This is an audio transcript of the FT Weekend podcast episode: ‘AI hits the music industry

Lilah Raptopoulos
Hi, listeners. A quick correction before we start the show. Last week we ran a rerun about women spies. And in the intro we said that Britain recently appointed one of the women in the story to director of GCHQ. That was wrong. Britain did recently appoint the first woman director of GCHQ, but it wasn’t one of the women interviewed for this story.
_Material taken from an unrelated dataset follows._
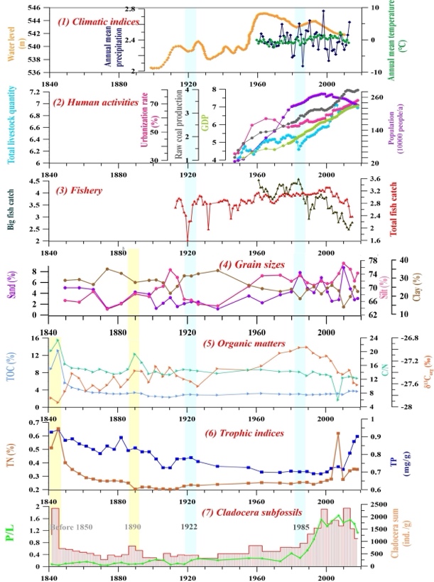 本研究以枝角类为研究对象,采用RDA(冗余分析)和GAM(广义加性模型)等定量方法,对呼伦湖人类活动、气候变化、渔业、营养动态、有机质和粒度等参数进行系统分析,评估人类活动、气候与环境变化对呼伦湖生态系统的影响。研究结果表明,呼伦湖生态系统在过去百年尺度上的演变过程是由人类活动、气候变化和湖泊环境等多种因素的协同作用所驱动。过去170年以来,呼伦湖内部因素(沉积环境、渔类捕获量、湖水水位、有机质和营养盐)以及周边流域的外部因素(人口、城市化率和畜牧业)是驱动呼伦湖枝角类结构变化的关键因素。尤其是自1980年以来,原本占主导地位的枝角类沿岸种(Chydorus sphaericus s.l.)逐渐被浮游种(Bosminidae)所取代,同时伴随着物种多样性的下降,这与湖泊富营养化和污染过程相吻合。枝角类群落动态变化过程表明,由于渔业捕捞量下降、牲畜数量增加、人口增长、城市化率上升以及湖泊水位下降等因素的持续协同作用,呼伦湖生态系统自2000年左右开始面临失衡的威胁。

Also a note on this episode, which is about AI and music. We want to be clear that it does include material that’s been generated by FT journalists using AI tools. We’ve done it to illustrate just how much AI is influencing the music industry. OK, on with the show.

[MUSIC PLAYING]

The legendary musician Tom Waits has always been known for this growling voice and for songs that tell stories. He’s one of those musicians that other musicians idolise because he’s gritty and experimental and hard to pin down. To get a sense, here’s a beat from his song Downtown Train.

[‘DOWNTOWN TRAIN’ BY TOM WAITS PLAYING]

Recently our pop music critic here at the FT, Ludo Hunter-Tilney, did something very un-Tom Waits. He got him to sing Abba.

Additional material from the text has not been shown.